Kein Zweifel, Angelika Ohland hatte sich von dieser Erzählung mehr versprochen und ist enttäuscht: "Schlampereien im Literarischen, die Eindimensionalität der Gedanken und die dürftigen Bilder" haben ihr die Lektüre gründlich vermiest. Die Figuren findet Ohland einfach zu schlicht gezeichnet, etwa das Mädchen Simmy, von dem der Leser nicht viel mehr erfahre, als dass sie Harry Potter liest und Nutella-Brote isst. Überhaupt macht es sich Vanderbeke nach Ansicht der Rezensentin oft zu einfach. Wenn die Autorin die gute Welt (des aufrechten Jazz-Musikers Eddie) und die böse Welt (des profitgierigen Lektors Meyer-Bromberger) aufeinandertreffen lässt, entfährt der Rezensentin ein entsetztes "ach je, ach je" angesichts so viel "Schlichtheit der Gedanken, die nur geschlossene Systeme kennt". Dabei habe die Autorin doch schon längst gezeigt, dass sie auch ganz anders schreiben könne. Doch angesichts dieser Erzählung fragt sich Ohland, ob Vanderbeke inzwischen Anstalten macht, zur "Rosamunde Pilcher einer schon verschwunden geglaubten Alternativkultur" zu mutieren.

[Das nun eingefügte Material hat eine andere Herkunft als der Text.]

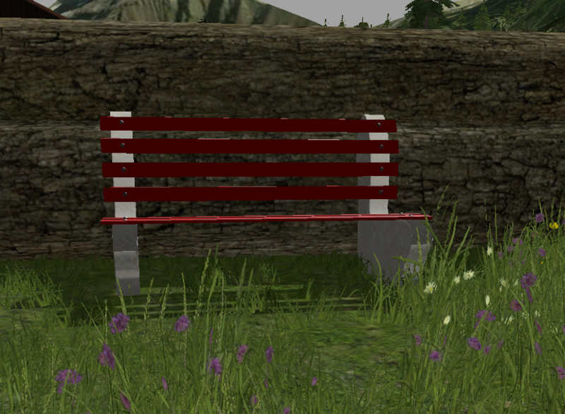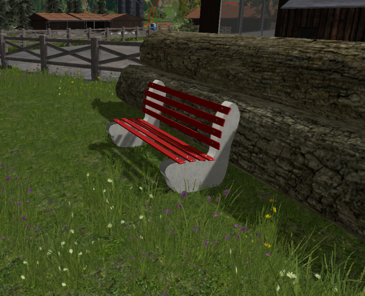 A park bench with concrete base and red boards to build in order to Giant editor.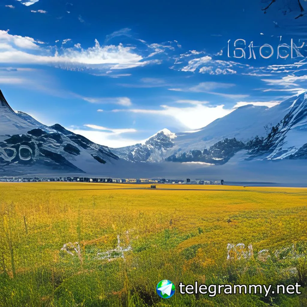 Фото сгенерировано моделью ruDALL-E от Сбера по запросу "гора со снегом и полями травы"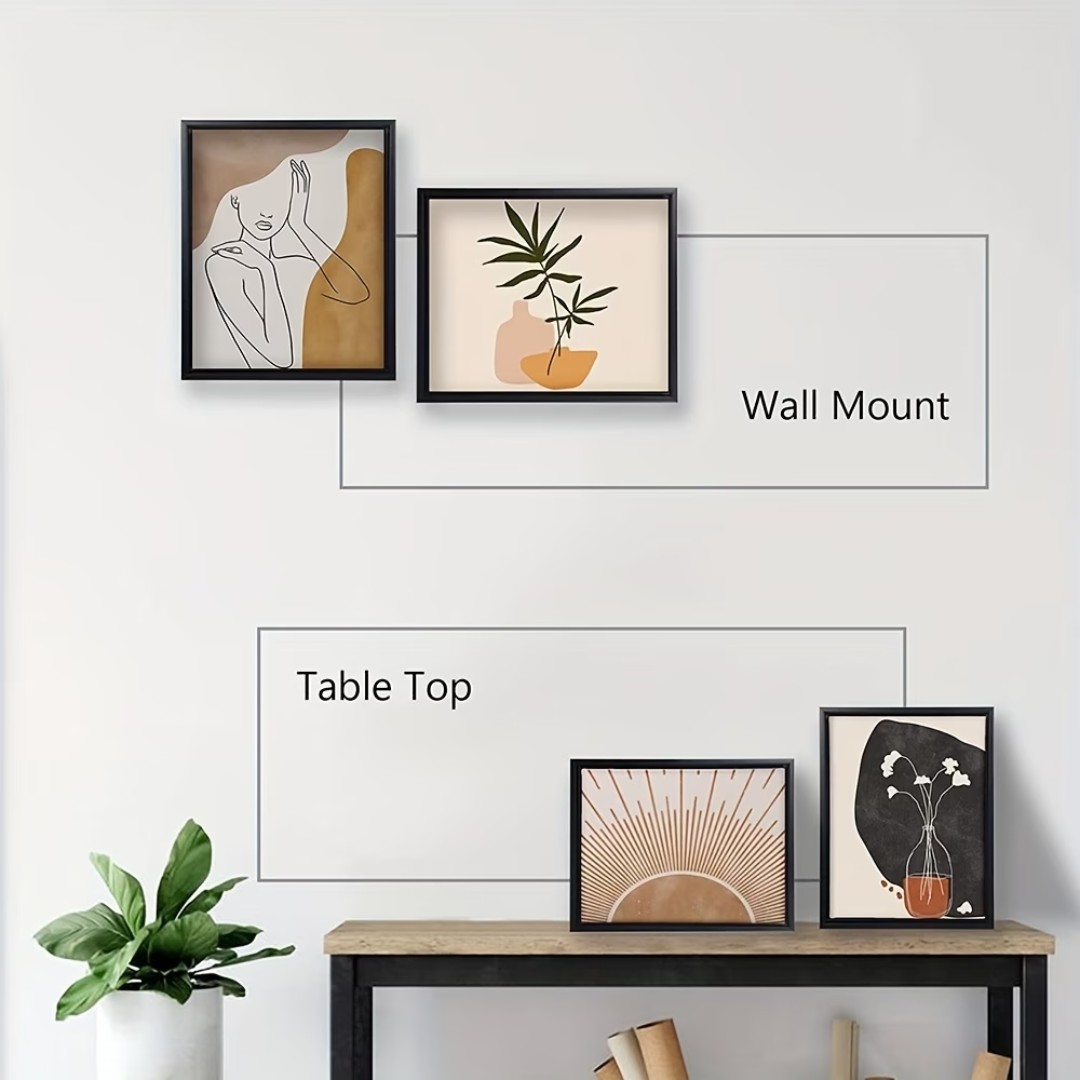 Versatile Display Options: Designed with hanging hardware for vertical or horizontal wall mounting, plus a rear stand for tabletop display.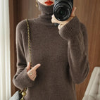The turtleneck provides extra warmth and gives the sweater elegance.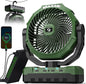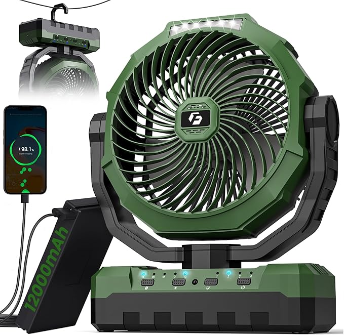 FRIZCOL 3-in-1 Camping Fan - Portable Fans Rechargeable - 12000mAh 9-Inch Battery Powered Fan(70Hrs) with Light & Remote for Indoor, Outdoor, Tent, Travel, BBQ, Fishing, Jobsite - Green
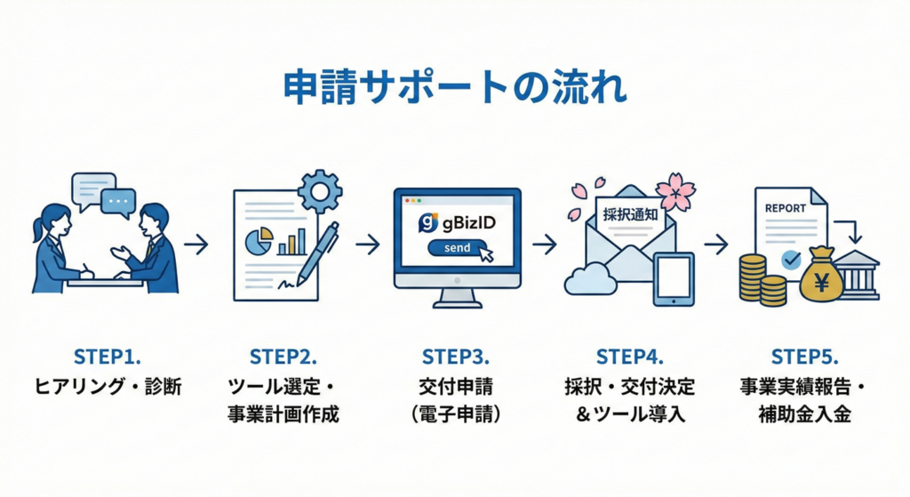 STEP1. ヒアリング・診断(無料) 貴社の課題や導入したいツールをお伺いし、申請要件を満たしているか診断します。 STEP2. ツール選定・事業計画作成 加点項目を考慮しながら、採択率を高めるための事業計画書を弊社にて作成支援します。 STEP3. 交付申請(電子申請) 「gBizID」を使用し、電子申請を行います。操作方法もしっかりサポートいたします。 STEP4. 採択・交付決定 事務局より採択通知が届きます。その後、ITツールの契約・導入を開始します。 STEP5. 事業実績報告・補助金入金 導入・支払いが完了したことを報告します。審査完了後、補助金が指定口座に入金されます。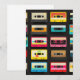 A vibrant pattern of colorful retro cassette tapes celebrating the golden era of analog music. This nostalgic design features a collection of vintage audio cassettes in bright, playful colors arranged in a bold repeating pattern. Perfect for music lovers, retro enthusiasts, DJs, and anyone who appreciates classic 80s and 90s music culture.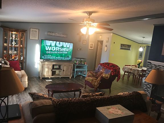 Enjoy this Updated Manufactured Home. W/ New LAMINATE Hardwoods in the living areas & CARPET in the bedrooms 18', New TILED SHOWER in Hall bathroom 19'. Home offers Split floor plan, Master bath w/GARDEN TUN & SEPARATE SHOWER, DOUBLE VANITY All bedrooms have huge WALK IN CLOSETS . Large living room with TILED WOOD BURNING FIREPLACE, Enjoy the outdoors on the FRONT PORCH or back DECK, Nestled on a little over 1 ACRE Detached Wired WORKSHOP seller offering WASHER, DRYER, & HOME WARRANTY!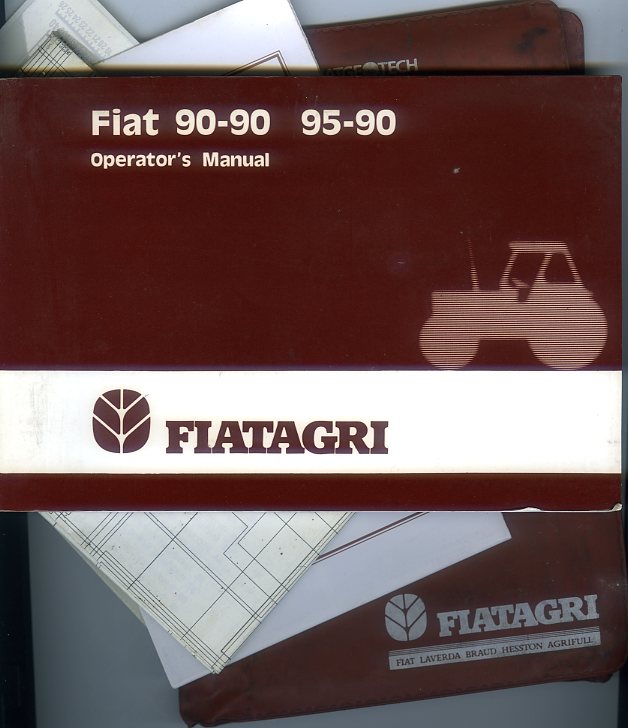 An operators manual for the Fiat 90-90 & 95-90 tractors, dated 1990. It is complete with a wiring diagram, a servicing chart and a gear speed decal, all in its original plastic wallet. The plastic wallet is a little grubby, but the contents are in excellent condition.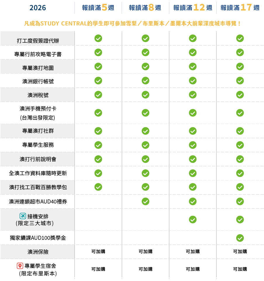 澳洲新生活,就從這一刻開啟!無論你想打工度假、留學還是遊學,從 6 歲到 60 歲,STUDY CENTRAL都是你最可靠的後盾。我們為你掃除出發前的焦慮,陪你實現 100 種可能的留澳計畫!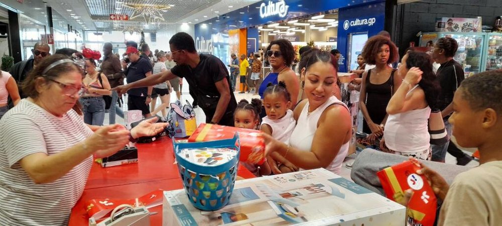 de dons pour l'achat de jouets. Des boîtes pour récolter les pièces

Rezensionsnotiz zu Neue Zürcher Zeitung, 10.03.2001

Vorsicht, zu Beginn von Birgit Vanderbekes neuer Erzählung hat sich der Rezensent Hanns-Josef Ortheil tüchtig in die Irre leiten lassen. Was nach einer eleganten Lösung eines überschaubaren Problems klingt - licht und leicht, wie von Vanderbeke zu erwarten - erweist sich als komplizierte und in sich unschlüssige Story, erzählt Ortheil in seiner recht umfangreichen Rezension. Figuren und Schauplätze der Erzählung hält der Rezensent für schwach konturiert, so schwach, dass sich die Vorstellungskraft des Lesers einfach nicht mobilisieren lasse. Nicht zuletzt deswegen, weil die Erzählerin mit ihrem allseits gegenwärtigen Sinnieren den anderen Figuren keinen Raum gibt, meint Ortheil. Und im Plot steckten zu viele "Krimi- und Francoise-Sagan-Motive", die den Erzählfluss durcheinander und schließlich zum Erliegen brächten. Schade, die Erzählung hätte großartig werden können, wenn sie nur kürzer und überschaubarer ausgefallen wäre, resümiert der Rezensent.